Main SKILL.md + 1 reference file. Original total: 990 lines (SKILL.md 534 + string_reference.md 456). Scripts: 370 lines (string_api.py).

references/api_advanced.md: Advanced API features (values/ranks enrichment, bulk upload, R/Cytoscape integration), output format details, HTTP error codes, data license — content from original string_reference.md that exceeds Core API scope.

Original file disposition:

```
SKILL.md
```
(534 lines) → Core API modules 1-7, Workflows 1-3, Quick Start helper function, Key Concepts (species table, score thresholds, network types). "Common Use Cases" per-operation subsections consolidated into Core API module descriptions (rule 7b): each operation's "When to use" and "Use cases" → Core API intro text. "Detailed Reference" stub section → removed, content consolidated inline
```
references/string_reference.md
```
(456 lines) → Partially consolidated inline: API endpoints → Core API modules with code blocks; species table → Key Concepts; confidence scores → Key Concepts; identifier format → Key Concepts.

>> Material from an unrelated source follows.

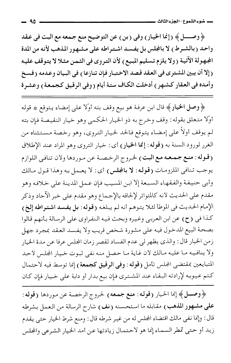 {وصل} إنما الخيار (قوله: منع جمعه) لخروج الرخصة عن موردها (قوله: على مشهور المذهب) مقابله ما استحسنه (نف) شارح الرسالة من العمل بشرطه قال: وإنما نفى مالك اقتضاء المجلس له من غير شرطه قال: ومنع شرط الخيار حتى يقدم زيد أو حتى تمطر السماء غنما هو لاحتمال زيادتها عن أمد الخيار الشرعى والمجلس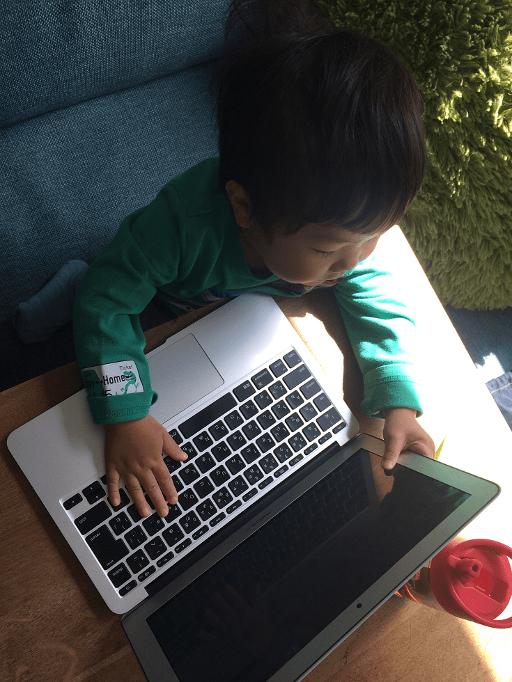 ・子供は親が触っているものに興味を持ちがち。使っていない自宅のPCを渡すことで、会社のPCに触れることが減りました。横に座ってお仕事している風を楽しんでいます。

Advanced features (values/ranks enrichment, bulk upload), integration examples (R STRINGdb, Cytoscape), output format details, HTTP error codes, data license → migrated to
```
references/api_advanced.md
```
```
scripts/string_api.py
```
(370 lines) → Helper function pattern absorbed into Quick Start (
```
string_query
```
reusable function). Per-function disposition:
```
string_map_ids
```
→ Core API Module 1;
```
string_network
```
→ Module 2;
```
string_network_image
```
→ Module 3;
```
string_interaction_partners
```
→ Module 4;
```
string_enrichment
```
→ Module 5;
```
string_ppi_enrichment
```
→ Module 6;
```
string_homology
```
→ Module 7;
```
string_version
```
→ Recipe. All were thin wrappers around urllib; replaced with requests-based
```
string_query
```
helper

Retention: ~460 lines (SKILL.md) + ~180 lines (reference) = ~640 / 990 original = ~65%.